Thursday, September 07, 2006

Mama Mia 2

Ah..hah! That question on the author’s identity again. The reason I chose not to disclose my identity is that I felt the need to separate the person from the issues being discussed in this forum. It is not for any perverse reason that I do so. Many of you will agree that as a society, we tend to read more into a situation than we should. In other words any discussion may be taken to be biased based on the family house I come from, who my friends are, etc. But I might change my mind soon and give you all a glimpse to the person behind the blog. Keep reading coz it may be soon.

On the regularity of this blog, I beg for your understanding. I will try as hard as I can and post more regularly. I also request that you all comment regularly so that I may also know what more can be discussed. ;-)

Back to our mothers

I am assuming that most of you were able to identify their mum in the photo, and were able to call them. I would like to delve further on the issue of support systems I mentioned in the previous blog. Is it possible for us as a community to carry this out? Of course we would first need to assess the situation and see how the mothers are doing at the moment. We would then need to see what worked in situations that were successful. This should not be a difficult research to carry out given the number of social workers in our midst, recently graduated youth and even youth who just completed high school. You understand that I am not talking commission of inquiry here, just a short study of the situation at hand to kick start the process.

It is important that the mothers get involved in this whole activity or else we will not see much progress. The next step will be meeting as youth, or even as a community to find out what can be done by the community to assist in this transition. As I see it, more emotional rather than financial assistance is needed. Financial assistance is another issue that needs to be addressed. I mentioned in my earlier blogs, “My Wish List” that did not have a good financial foundation in our childhood. This situation may also apply to our mothers given that most of the financial decisions are made at a different level in terms of distribution of income for use in the community. Generally, we all need to be educated about money, and how it can work for us. This is another call to all our brothers and sisters who are experts in this area to step in and educate us.

Today’s challenge
We have many professionals in our midst. I would like to ask each of you to contribute in any way you can to make our community better.

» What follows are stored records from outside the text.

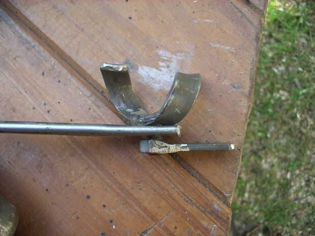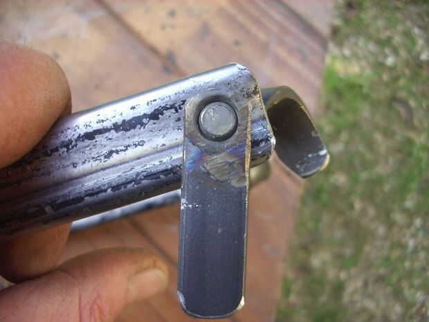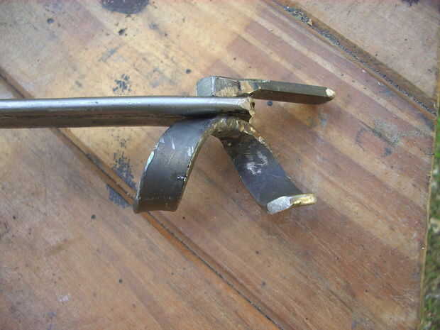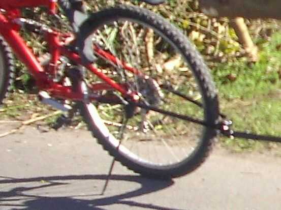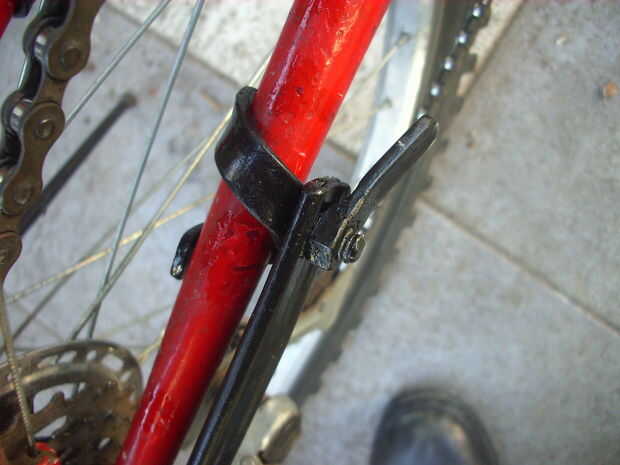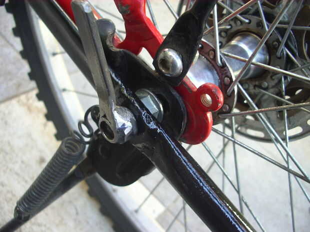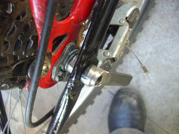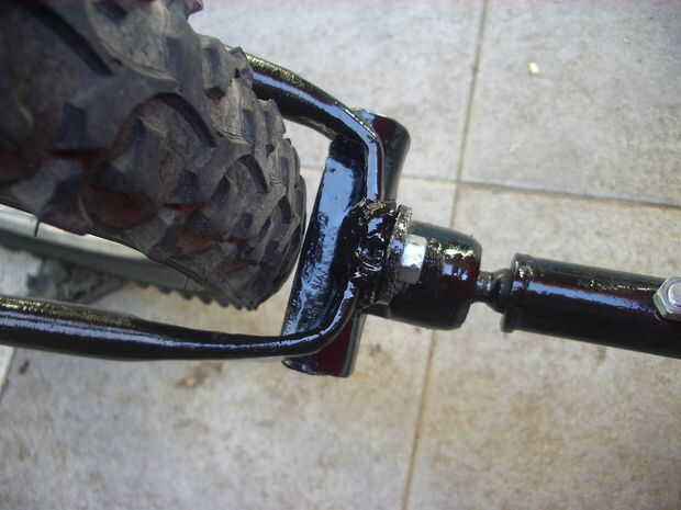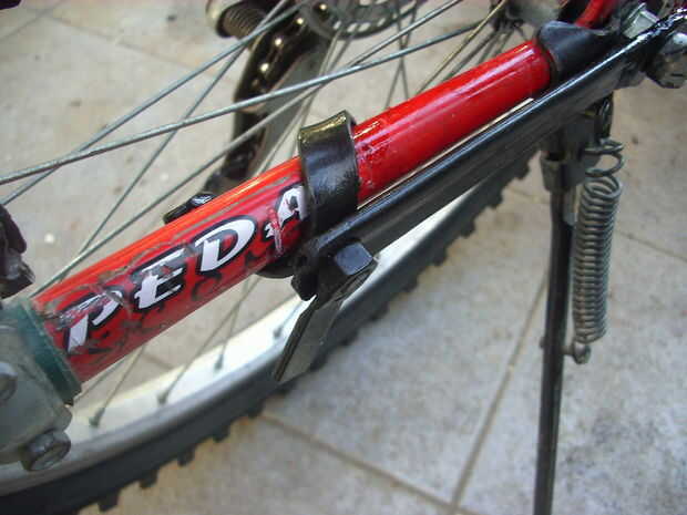 Ligeramente curva los extremos de los brazos de el para que cuando la horquilla se coloca en el eje trasero de la bicicleta, puede fijarse a los tubos horizontales de la bicicleta y la estancia final posterior a la misma altura que la rueda ejes del coche (se ve más fácil en las fotos que con tal palabrería). Para realizar esta conexión más fácil de poner y quitar, he utilizado la misma técnica de la manija de chulengo, o una "vuelta" de una sola ronda varilla de hierro que tiene al lado un tornillo soldado con autógena. Girándolo 90 grados se puede quitar de su lugar, pero cuando presiona en su posición, puños firmemente el lado tubo de la bicicleta. Soldadas a cada tuerca una "ala" para convertirlas en mariposas (semi).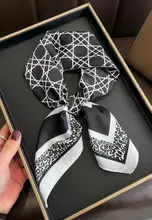 Aksesoris Scarf Leopard Print Border Motif Silky Square Satin Scarf Segi Empat Ukuran Kecil Brown & Beige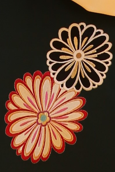 着物:クリーム地に黒や赤などで梅模様などが入った着物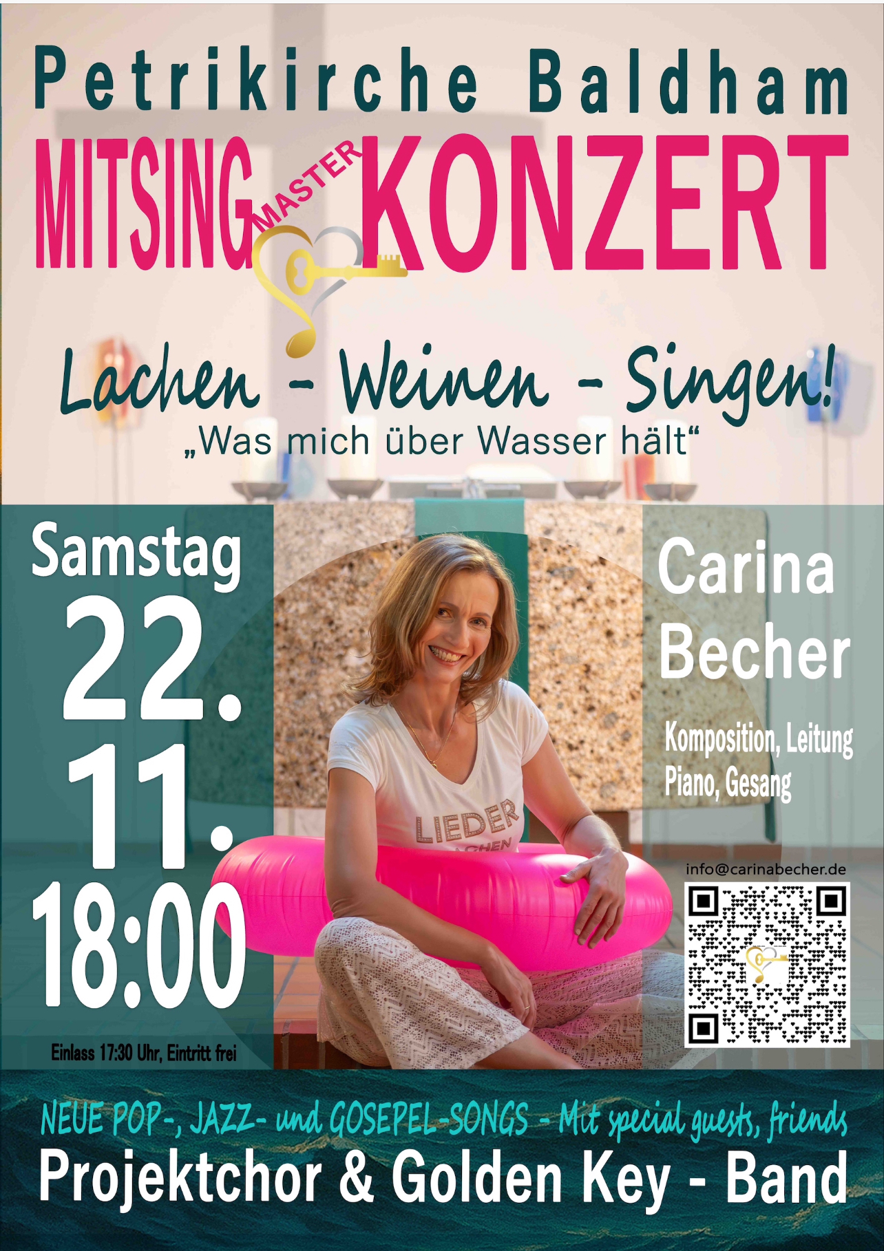 Mit Carina Bechers Liedern wie z.B. „Lasst uns Klangbrücken bauen“, „Prüft alles – Keep the good things“, „Mutig, stark, beherzt und „Alles, was ihr tut“ (geschehe in Liebe) soll die Gemeinschaft gestärkt und Miteinander spürbar und basierend auf christlichen Werten die Selbstverständlichkeit von Demokratie und gegenseitiger Akzeptanz erlebbar werden.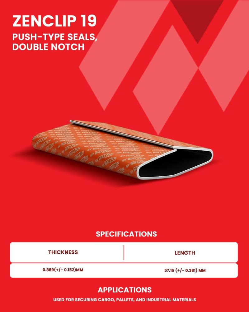 ZENCLIP 19 Push-Type Steel Strapping Seals offer strong, reliable closure for steel strapping, featuring full-hard steel construction, double-notch locking, and crowned design for smooth tool operation.

Wednesday, September 06, 2006

Mama Mia

In my last blog, I spoke about our fathers and the role they play in our lives. One reader made a comment that I overlooked the mothers' work. I did not. I just wanted to treat each of them as a different topic.

Our mothers spend the most time with us and I daresay they know us better than we do. There will be debates on why someone would leave behind their own life and become an SOS mother. In my opinion, what makes them stay is what we should wonder about. It is still a mystery to me given the challenges they face. I never quite understood how much they went through on a daily basis until I spent an afternoon minding my siblings after staying away from the village for sometime. It was a ruckus and I had a headache at the end of the day. Many mothers complain that two children are a handful, imagine having to look after ten children without a nanny, or any outside help. Now that is a major challenge.

Minding the children in their care is not the only challenge our mothers face. They also have to worry about their children when they go off to start their own lives; they also have relatives looking up to them and so many other issues they have to face in their lives. Today, an additional challenge to our mothers, just as we do when we come of age is; leaving the SOS village community and living in the community after retirement.

As of today, there is no set support strategy for the mothers when they retire. This may be because in the previous years only one mother retired at a time. This time, many mothers retired at the same time. We need to look for ways we can be of assistance to our mothers. A small task, considering what they have done for us, or the lives they had to give up to be our mums. My question for all my SOS brothers and sisters is, are we going to step in and help our mothers in their retirement? Will we join hands and seek the best solutions for our mothers to have a sustainable life after retirement, or will we leave it to one or two siblings in the family house to follow up.

Today’s challenge.


Our mothers have been our support from childhood, on their retirement we should be their support. Some experts call it reverse motherhood; I call it “kurudisha shukurani.”

Please look for your mum in this photo, call her today and tell her you love her.